═════ MATERIAL FOR THIS EXERCISE ═════

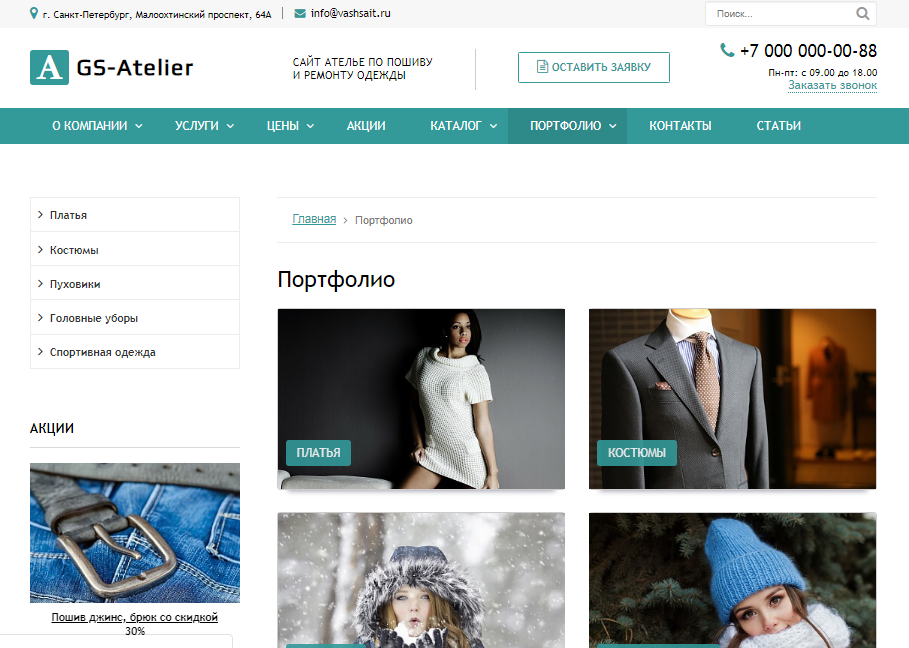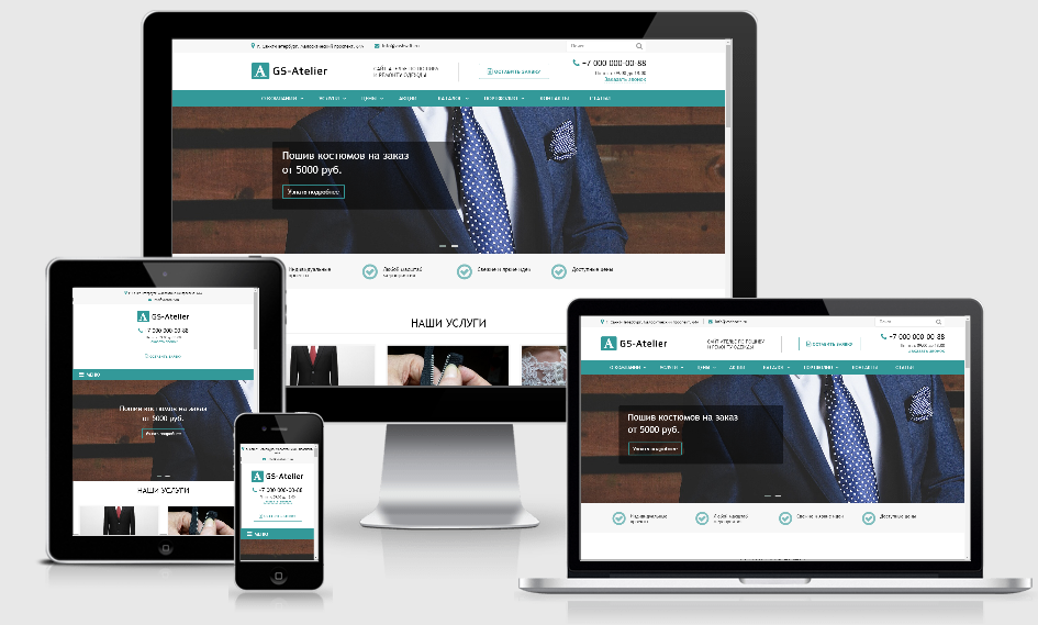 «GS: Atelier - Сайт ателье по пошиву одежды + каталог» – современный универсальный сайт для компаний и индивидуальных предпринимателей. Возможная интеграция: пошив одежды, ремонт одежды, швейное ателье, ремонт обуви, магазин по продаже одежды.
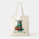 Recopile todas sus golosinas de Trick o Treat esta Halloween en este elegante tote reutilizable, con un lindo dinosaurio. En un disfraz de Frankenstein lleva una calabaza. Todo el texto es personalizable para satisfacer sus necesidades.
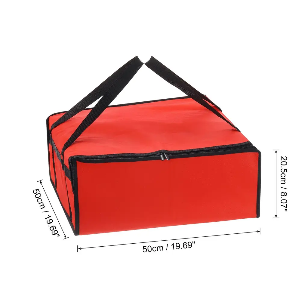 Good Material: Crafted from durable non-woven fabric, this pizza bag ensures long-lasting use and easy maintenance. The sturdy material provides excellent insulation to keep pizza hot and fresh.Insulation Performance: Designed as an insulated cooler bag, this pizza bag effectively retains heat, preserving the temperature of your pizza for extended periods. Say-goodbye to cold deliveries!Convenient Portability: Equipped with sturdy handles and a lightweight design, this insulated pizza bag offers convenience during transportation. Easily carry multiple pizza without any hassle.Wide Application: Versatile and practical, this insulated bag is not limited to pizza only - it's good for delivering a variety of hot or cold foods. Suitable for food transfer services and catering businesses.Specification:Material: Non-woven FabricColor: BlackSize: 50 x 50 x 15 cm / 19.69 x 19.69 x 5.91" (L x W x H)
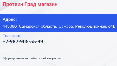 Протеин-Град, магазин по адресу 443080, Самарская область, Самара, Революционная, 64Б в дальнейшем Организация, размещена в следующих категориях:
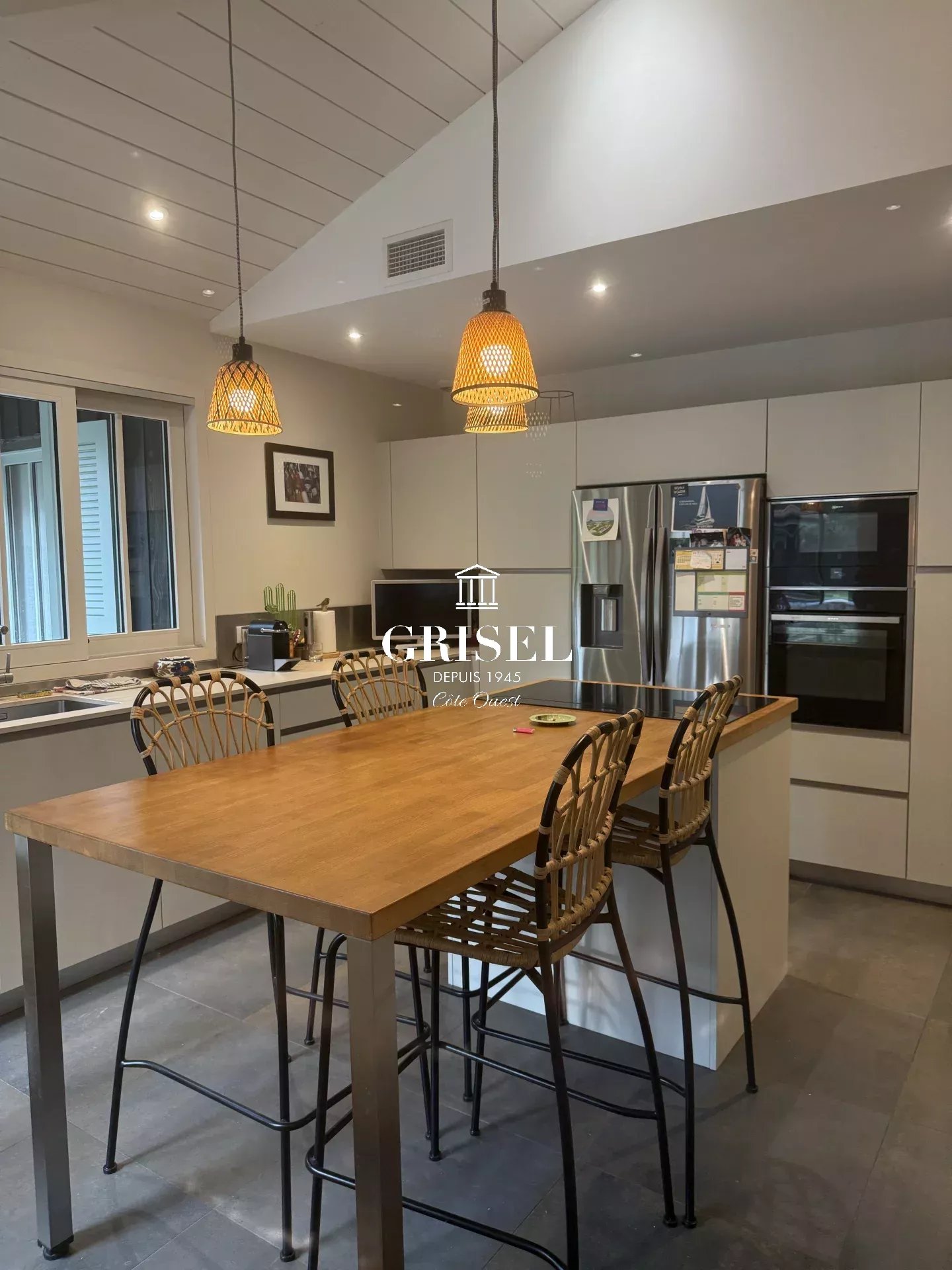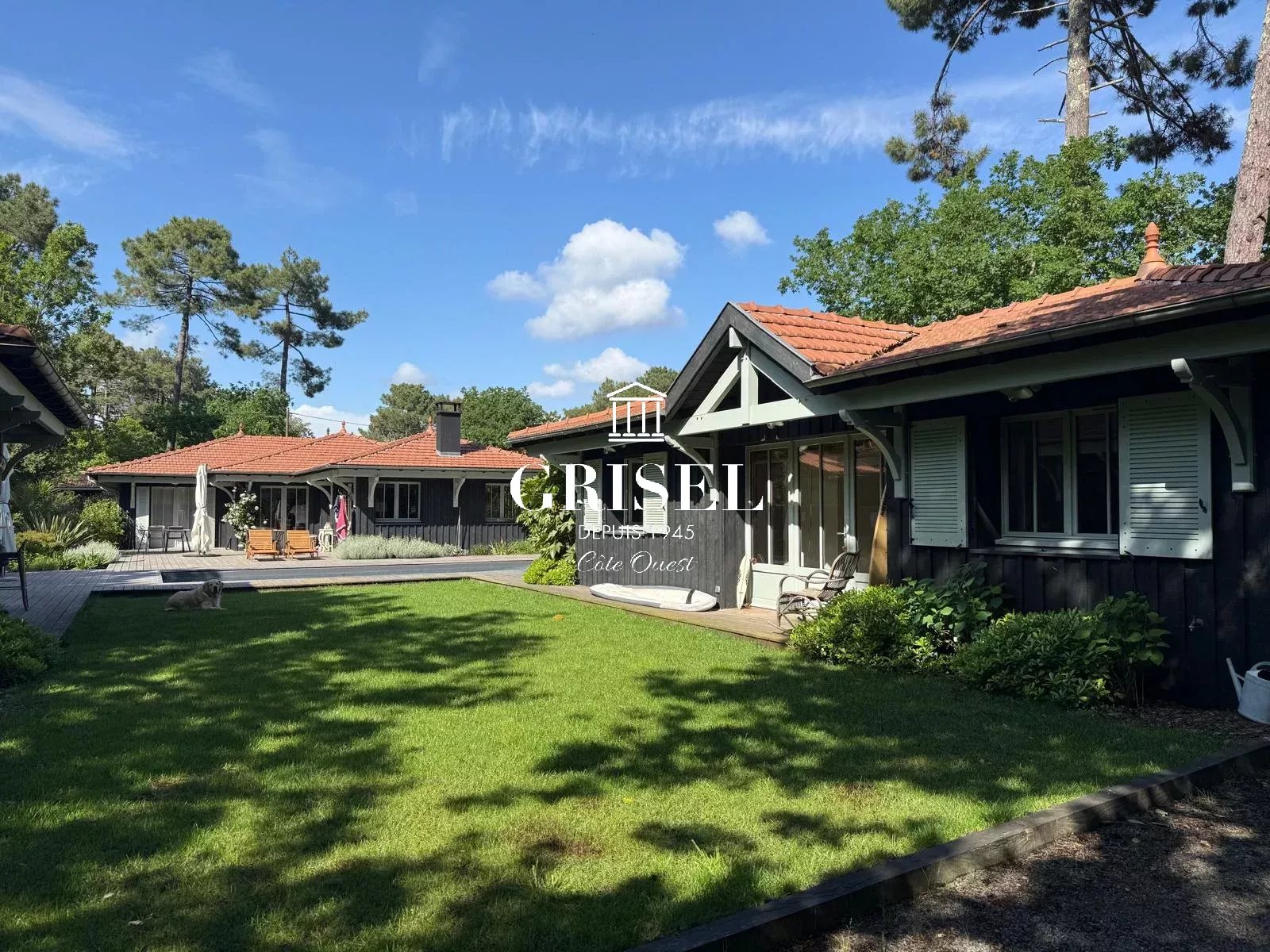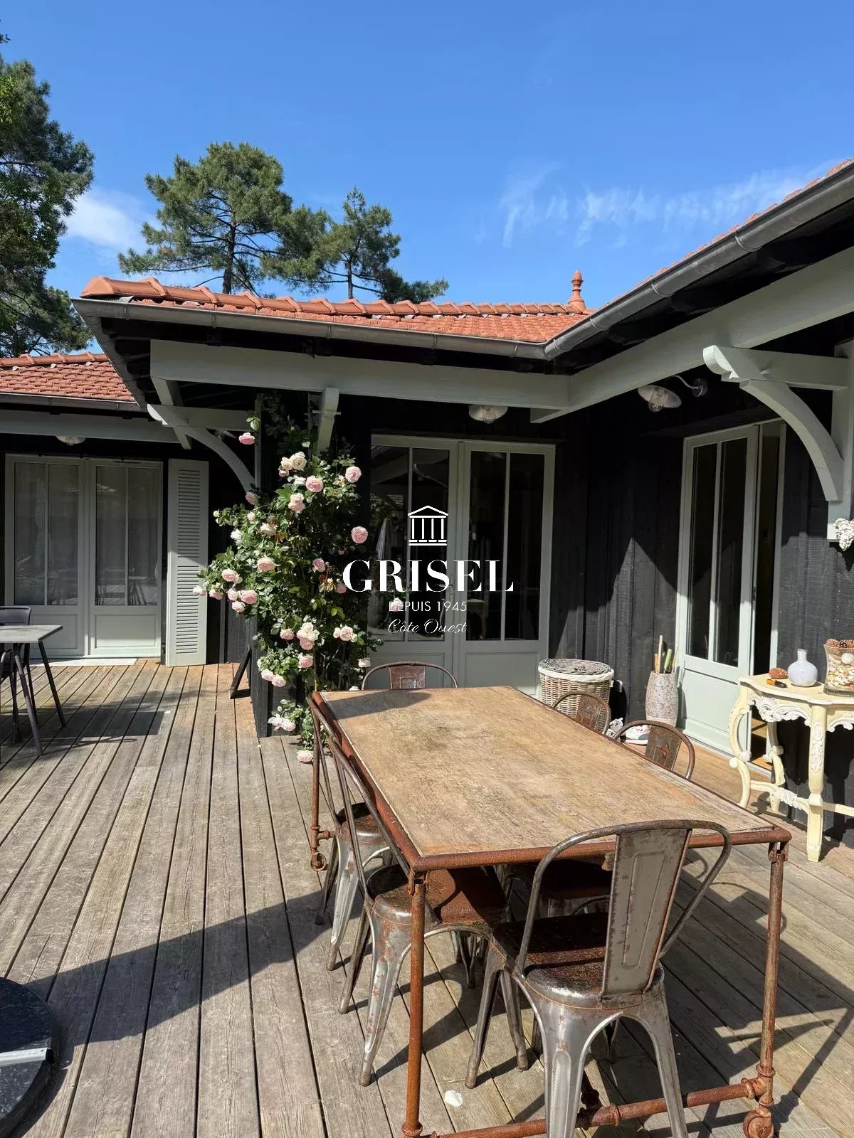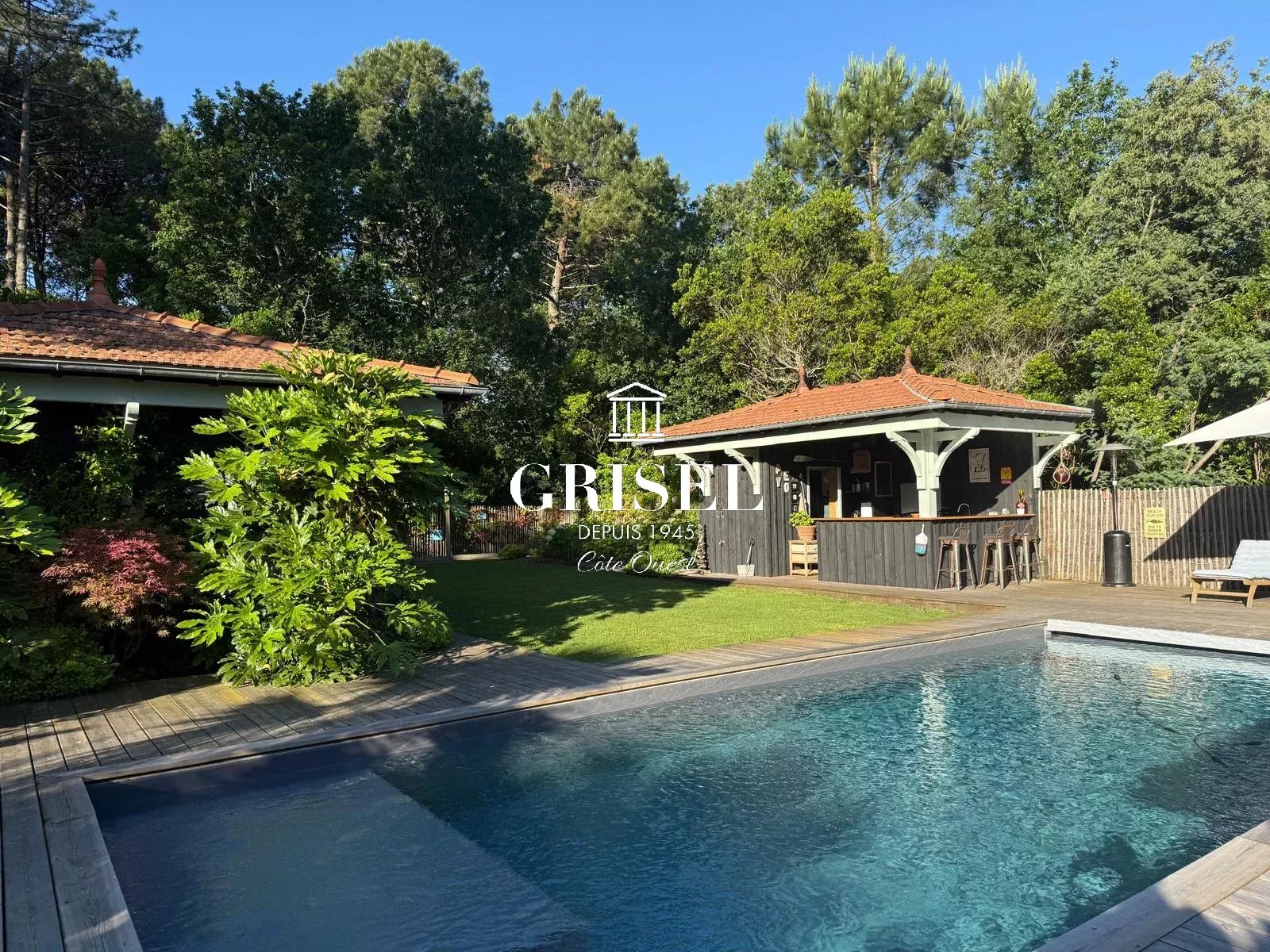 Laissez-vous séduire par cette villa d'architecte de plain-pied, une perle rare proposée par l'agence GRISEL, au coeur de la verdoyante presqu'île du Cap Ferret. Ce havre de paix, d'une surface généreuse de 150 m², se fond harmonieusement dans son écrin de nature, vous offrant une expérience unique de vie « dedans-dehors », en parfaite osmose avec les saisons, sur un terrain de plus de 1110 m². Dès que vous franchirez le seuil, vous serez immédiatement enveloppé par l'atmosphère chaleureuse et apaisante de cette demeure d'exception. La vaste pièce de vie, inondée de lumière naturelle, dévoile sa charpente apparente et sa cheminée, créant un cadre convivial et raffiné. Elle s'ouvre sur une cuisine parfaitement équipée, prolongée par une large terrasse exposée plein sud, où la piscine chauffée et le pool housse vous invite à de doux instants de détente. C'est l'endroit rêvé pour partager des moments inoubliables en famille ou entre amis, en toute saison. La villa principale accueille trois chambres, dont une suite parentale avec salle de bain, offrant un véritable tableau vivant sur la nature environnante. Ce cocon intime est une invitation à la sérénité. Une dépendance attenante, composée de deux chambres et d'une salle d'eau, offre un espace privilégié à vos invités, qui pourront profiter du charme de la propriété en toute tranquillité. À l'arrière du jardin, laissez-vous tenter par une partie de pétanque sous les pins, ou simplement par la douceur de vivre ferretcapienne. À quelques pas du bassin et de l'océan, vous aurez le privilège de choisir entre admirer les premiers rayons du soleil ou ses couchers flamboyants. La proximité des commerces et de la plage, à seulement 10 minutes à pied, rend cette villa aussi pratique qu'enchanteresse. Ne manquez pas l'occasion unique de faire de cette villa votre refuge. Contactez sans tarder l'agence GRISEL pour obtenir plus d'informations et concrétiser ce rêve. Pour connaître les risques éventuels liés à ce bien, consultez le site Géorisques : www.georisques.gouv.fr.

═════

◆ PROBLEM DETAILS
Would you return all of the entries unchanged while omitting the images?

◆ ANSWER BOX
 «GS: Atelier - Сайт ателье по пошиву одежды + каталог» – современный универсальный сайт для компаний и индивидуальных предпринимателей. Возможная интеграция: пошив одежды, ремонт одежды, швейное ателье, ремонт обуви, магазин по продаже одежды.
 Recopile todas sus golosinas de Trick o Treat esta Halloween en este elegante tote reutilizable, con un lindo dinosaurio. En un disfraz de Frankenstein lleva una calabaza. Todo el texto es personalizable para satisfacer sus necesidades.
 Good Material: Crafted from durable non-woven fabric, this pizza bag ensures long-lasting use and easy maintenance. The sturdy material provides excellent insulation to keep pizza hot and fresh.Insulation Performance: Designed as an insulated cooler bag, this pizza bag effectively retains heat, preserving the temperature of your pizza for extended periods. Say-goodbye to cold deliveries!Convenient Portability: Equipped with sturdy handles and a lightweight design, this insulated pizza bag offers convenience during transportation. Easily carry multiple pizza without any hassle.Wide Application: Versatile and practical, this insulated bag is not limited to pizza only - it's good for delivering a variety of hot or cold foods. Suitable for food transfer services and catering businesses.Specification:Material: Non-woven FabricColor: BlackSize: 50 x 50 x 15 cm / 19.69 x 19.69 x 5.91" (L x W x H)
 Протеин-Град, магазин по адресу 443080, Самарская область, Самара, Революционная, 64Б в дальнейшем Организация, размещена в следующих категориях:
 Laissez-vous séduire par cette villa d'architecte de plain-pied, une perle rare proposée par l'agence GRISEL, au coeur de la verdoyante presqu'île du Cap Ferret. Ce havre de paix, d'une surface généreuse de 150 m², se fond harmonieusement dans son écrin de nature, vous offrant une expérience unique de vie « dedans-dehors », en parfaite osmose avec les saisons, sur un terrain de plus de 1110 m². Dès que vous franchirez le seuil, vous serez immédiatement enveloppé par l'atmosphère chaleureuse et apaisante de cette demeure d'exception. La vaste pièce de vie, inondée de lumière naturelle, dévoile sa charpente apparente et sa cheminée, créant un cadre convivial et raffiné. Elle s'ouvre sur une cuisine parfaitement équipée, prolongée par une large terrasse exposée plein sud, où la piscine chauffée et le pool housse vous invite à de doux instants de détente. C'est l'endroit rêvé pour partager des moments inoubliables en famille ou entre amis, en toute saison. La villa principale accueille trois chambres, dont une suite parentale avec salle de bain, offrant un véritable tableau vivant sur la nature environnante. Ce cocon intime est une invitation à la sérénité. Une dépendance attenante, composée de deux chambres et d'une salle d'eau, offre un espace privilégié à vos invités, qui pourront profiter du charme de la propriété en toute tranquillité. À l'arrière du jardin, laissez-vous tenter par une partie de pétanque sous les pins, ou simplement par la douceur de vivre ferretcapienne. À quelques pas du bassin et de l'océan, vous aurez le privilège de choisir entre admirer les premiers rayons du soleil ou ses couchers flamboyants. La proximité des commerces et de la plage, à seulement 10 minutes à pied, rend cette villa aussi pratique qu'enchanteresse. Ne manquez pas l'occasion unique de faire de cette villa votre refuge. Contactez sans tarder l'agence GRISEL pour obtenir plus d'informations et concrétiser ce rêve. Pour connaître les risques éventuels liés à ce bien, consultez le site Géorisques : www.georisques.gouv.fr.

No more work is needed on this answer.